Williams v. New York City Housing Authority

—In an action, inter alia, to recover damages for wrongful death, the defendant New York City Housing Authority appeals, as limited by its brief, from so much of an order of the Supreme Court, Kings County (Yoswein, J.), entered March 26, 1996, as denied that branch of its motion which was to dismiss the complaint for failure to state a cause of action.

Ordered that the order is affirmed insofar as appealed from, with costs.

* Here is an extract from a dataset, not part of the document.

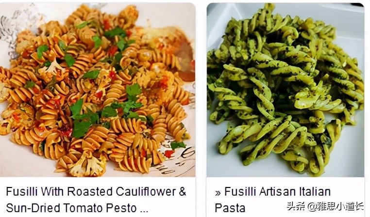 有很多种大小和颜色,适合搭配红酱(肉酱)或白酱(芝士酱)。除了用于做意大利面之外,在制作沙拉时也被经常使用,有各种好看的颜色。

The plaintiffs’ daughter was murdered by the defendants Tameeka McCord and Anthony Wilson in an apartment at 185 Wortman Avenue in Brooklyn, where she resided with her mother, the plaintiff Rachel Williams. The plaintiffs com*414menced this action against McCord, Wilson, and the New York City Housing Authority (hereinafter NYCHA), the owner of the apartment building. The plaintiffs alleged that NYCHA was negligent, inter alia, in failing to provide a proper working lock on the front entrance door to the building. NYCHA moved, inter alia, to dismiss the complaint for failure to state a cause of action, contending, among other things, that McCord and Wilson were lawfully on the premises as guests of another tenant in the building, and therefore the allegedly defective lock was not a proximate cause of the incident. The Supreme Court denied the motion.

The motion by NYCHA was made pursuant to CPLR 3211. The court did not notify the parties that it was treating the motion as one for summary judgment, nor is there any indication that it did so. The parties themselves did not deliberately chart a summary judgment course. Consequently, the issue before us is whether the plaintiffs have stated a cause of action (see, Mihlovan v Grozavu, 72 NY2d 506; 51 St. Nicholas Realty Corp. v City of New York, 218 AD2d 343, 347-348). Where, as here, evidentiary material is submitted on a CPLR 3211 motion, it may be considered in assessing the viability of a complaint, but unless the defendant demonstrates that a material fact alleged by the plaintiff to be true "is not a fact at all” and that "no significant dispute exists regarding it”, the complaint should not be dismissed (see, Guggenheimer v Ginzburg, 43 NY2d 268, 275).

Inasmuch as NYCHA did not adduce evidence in admissible form tending to negate the element of proximate cause, or any of the other elements of the plaintiffs’ cause of action, the motion was properly denied (see, Guggenheimer v Ginzburg, supra, at 275; see, People v Thomas, 68 NY2d 194, 197, cert denied 480 US 948). Bracken, J. P., Copertino, Altman and Krausman, JJ., concur.